Jones Lang LaSalle (JLL) has claimed that Dubai's real estate sector
is set to witness some stability in capital values over the coming 12 months. The firm noted that Abu Dhabi will see highest value declines over the period.
"While Dubai is already passed the supply peak, Abu Dhabi is still approaching the peak of the supply cycle. Thus, Abu Dhabi rents and sale prices are expected to continue to decline in the coming year," JLL said in its 2011 Middle East and North Africa (Mena) Real Estate Investor Sentiment survey.
According to the survey, more established residential and commercial areas have experienced price stabilisation and, in select cases, increases. Areas such as Palm Jumeirah, Dubai Marina and prime office locations like Dubai International Financial Centre and Emaar Square have performed best while less developed areas with limited infrastructure continue to suffer.
Meanwhile, investment in the region is also expected to rise, with around 75 per cent of respondents planning to increase their level of investment in the Mena real estate market over the next 12 months.
Respondents aim to invest up to USD 6 billion in the real estate market over the next year. JLL warned that this may be inflated because many funds may be trying to tap the same capital sources.

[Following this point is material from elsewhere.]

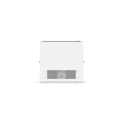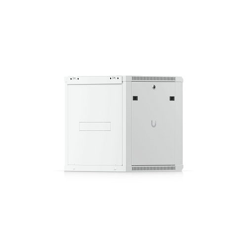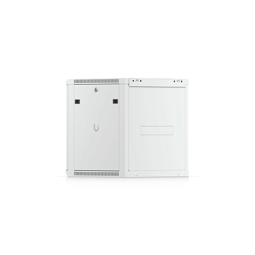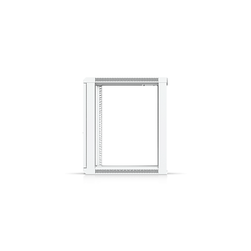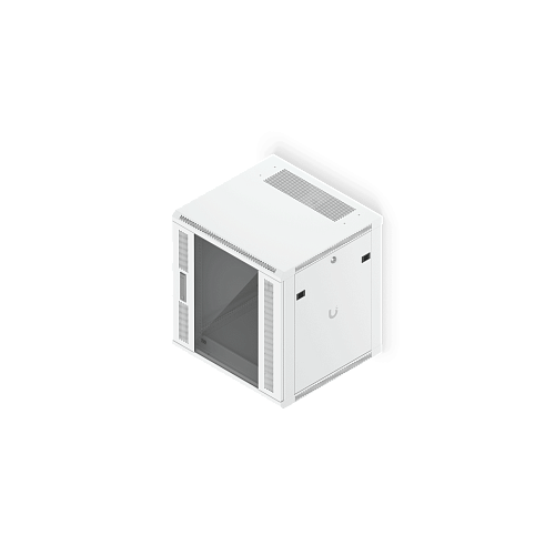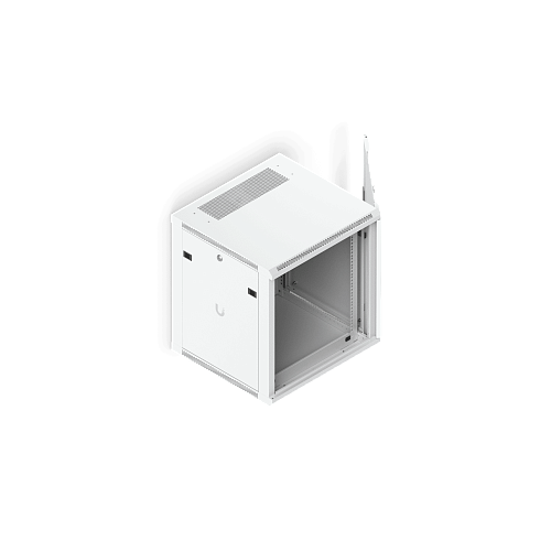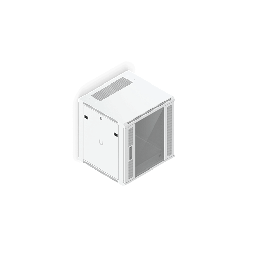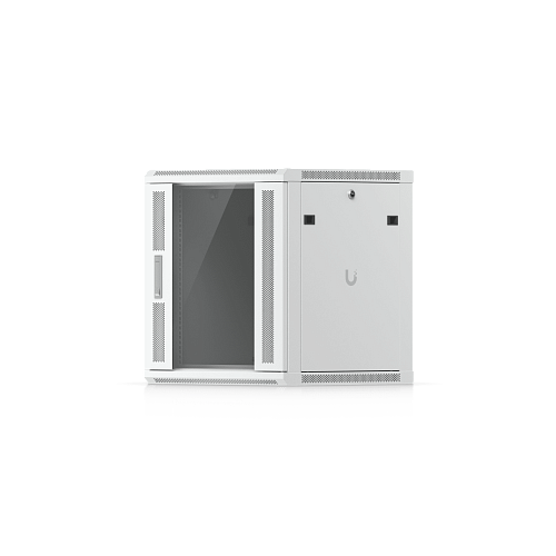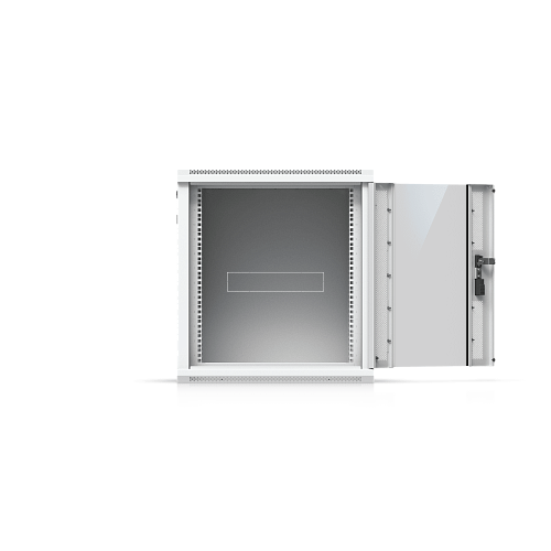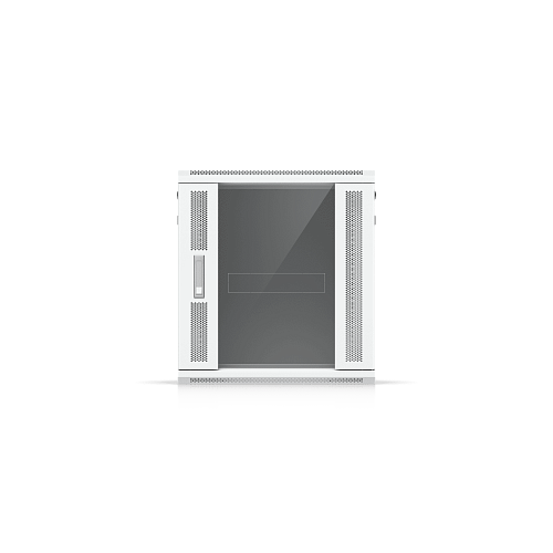 Полностью собранный, компактный настенный шкаф с стеклянной передней дверью, двумя вентиляторами и съемными боковыми панелями.

Some 74 per cent of investors added that they had the funding in place to finance their plans for the next 12 months, with the remaining 26 per cent planning to use a combination of debt financing and syndicated equity
to raise the required capital.
The office sector was found to be the one driving demand, with investor interest more focussed on completed and operational properties backed by long-term secure income streams. Mena-based investors also expressed interested in the residential sector, JLL added.